Should I do it? With a flood of off-lease leafs coming up in the second half of 2016, and the GM bolt being in production around then, I think the value of the leaf will drop even further. Right now, the range is just good enough for my commute, and as I lose more bars, I have access to a charger at work that would permit me to make the reduced range work (but at $0.32/kwh it's EXPENSIVE). So if there's a better offer between now and Oct, it'll make more financial sense.

Or should I take the offer and hope that the battery loses 4 bars before I reach 60k miles?
 
I think that is the deal I was offered as well but my residual must be quite a bit higher than yours. (Our payment is $100/month). You might want to be checking Car Guru for comparables now and as time goes on. With more of an idea of the options you have it should be easier to make a decision that works for you. Hoping for a new battery might not be your best bet.
 
Oils4AsphaultOnly said:
So I just got an offer from NMAC to reduce my payoff amount by $7500 if I go down to the dealer by April 1 to buy it out.
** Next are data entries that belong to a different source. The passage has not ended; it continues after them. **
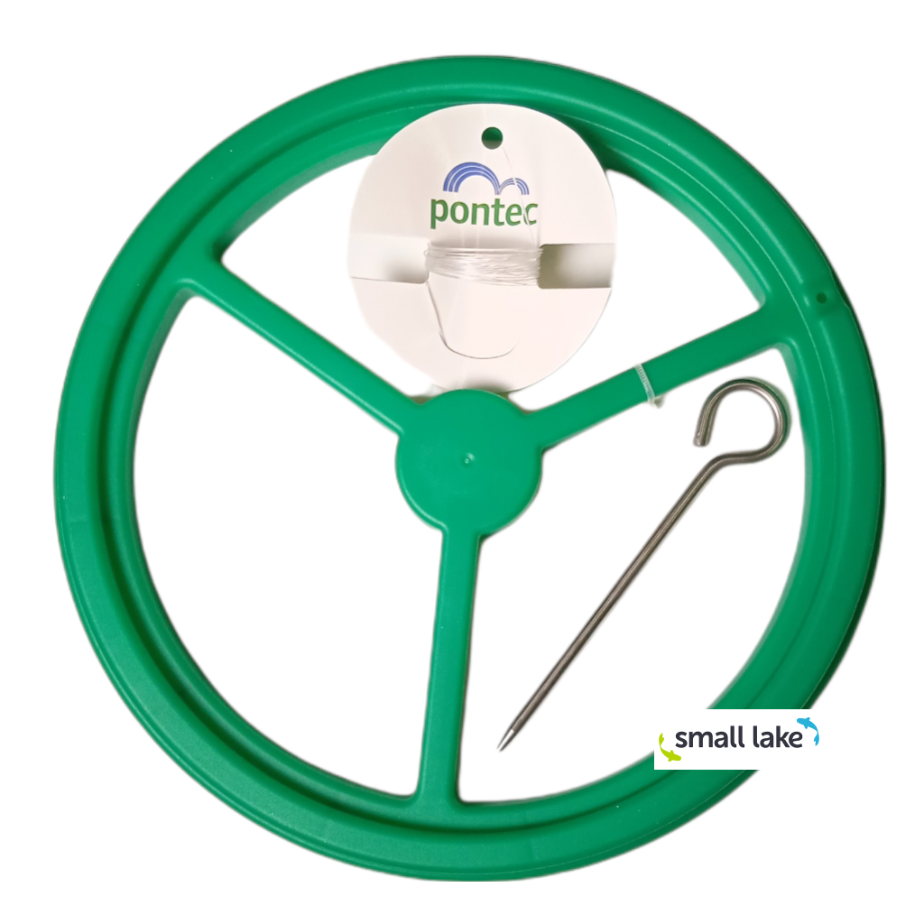 Kroužek lze snadno upevnit k okraji jezírka nebo ke dnu pomocí přiloženého upevňovacího materiálu – zemního hrotu a šňůry (2,5 m).
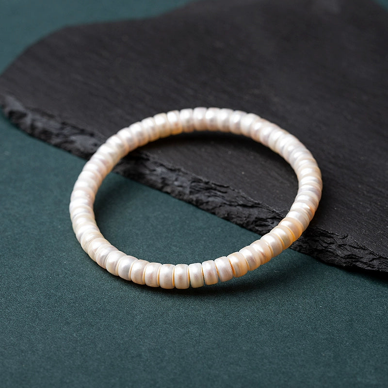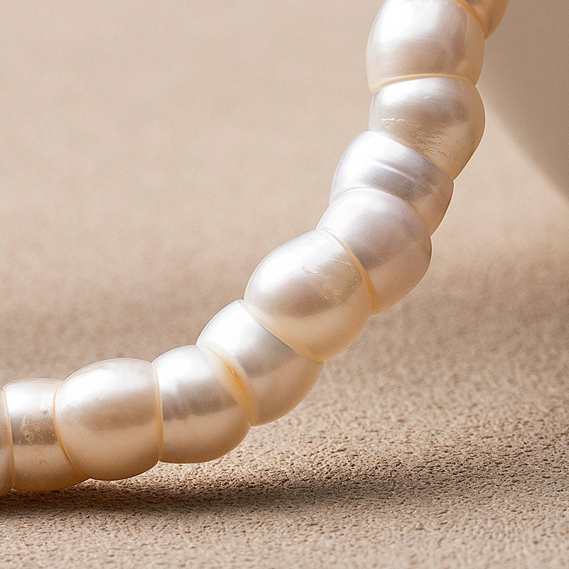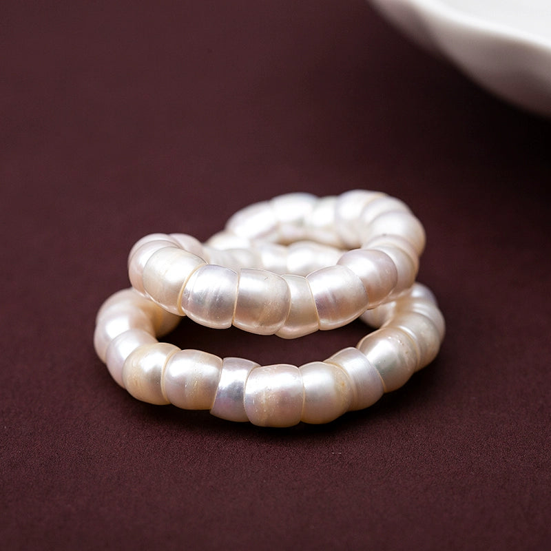 Our Natural Freshwater Pearl Bracelet Collection features exquisitely handcrafted beads in two refined styles: straight-cut thin slices and Tibetan-style diagonal cuts. The lustrous pearls display a soft, elegant glow, highlighting the delicate craftsmanship and timeless appeal of natural freshwater pearls. Perfect for women who appreciate light luxury and sophisticated, fashionable accessories.
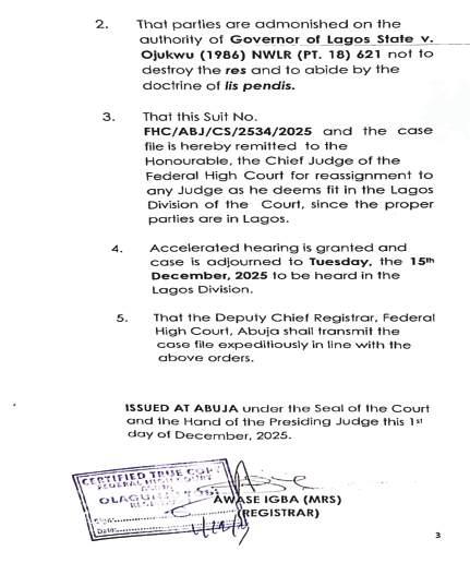 The citation highlights his notable roles as a former Lagos State Commissioner, former Secretary to the State Government, and current Chief Executive Officer and Executive Vice Chairman of the Federal Competition and Consumer Protection Commission (FCCPC).
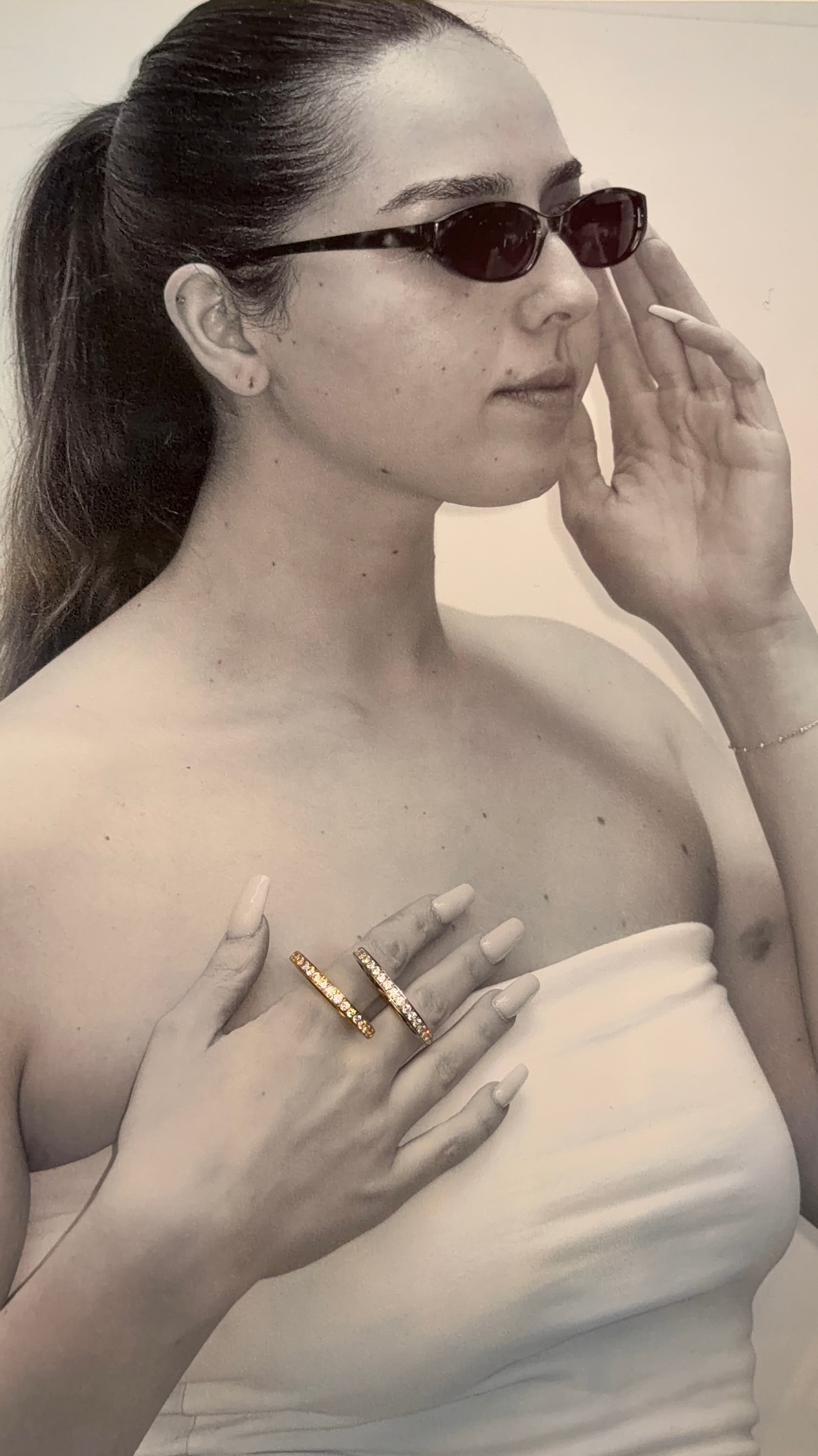 A timeless, sparkly essential for your everyday stack. This elegant band features rhinestones set all the way around, catching the light from every angle. Crafted from stainless steel and finished with premium 18k gold plating for durability, shine, and everyday comfort.

background: I have a 2013 leaf with ~41k miles on it. The lease is up in Oct. The battery has already lost 1 bar (~30k miles), and I'm expecting the second one to go before Oct. The car's been good, except that I've had to fix the AC twice. With the discount, I'm expecting to pay ~6500 out of pocket to buy out the lease.

Should I do it? With a flood of off-lease leafs coming up in the second half of 2016, and the GM bolt being in production around then, I think the value of the leaf will drop even further. Right now, the range is just good enough for my commute, and as I lose more bars, I have access to a charger at work that would permit me to make the reduced range work (but at $0.32/kwh it's EXPENSIVE). So if there's a better offer between now and Oct, it'll make more financial sense.

Or should I take the offer and hope that the battery loses 4 bars before I reach 60k miles?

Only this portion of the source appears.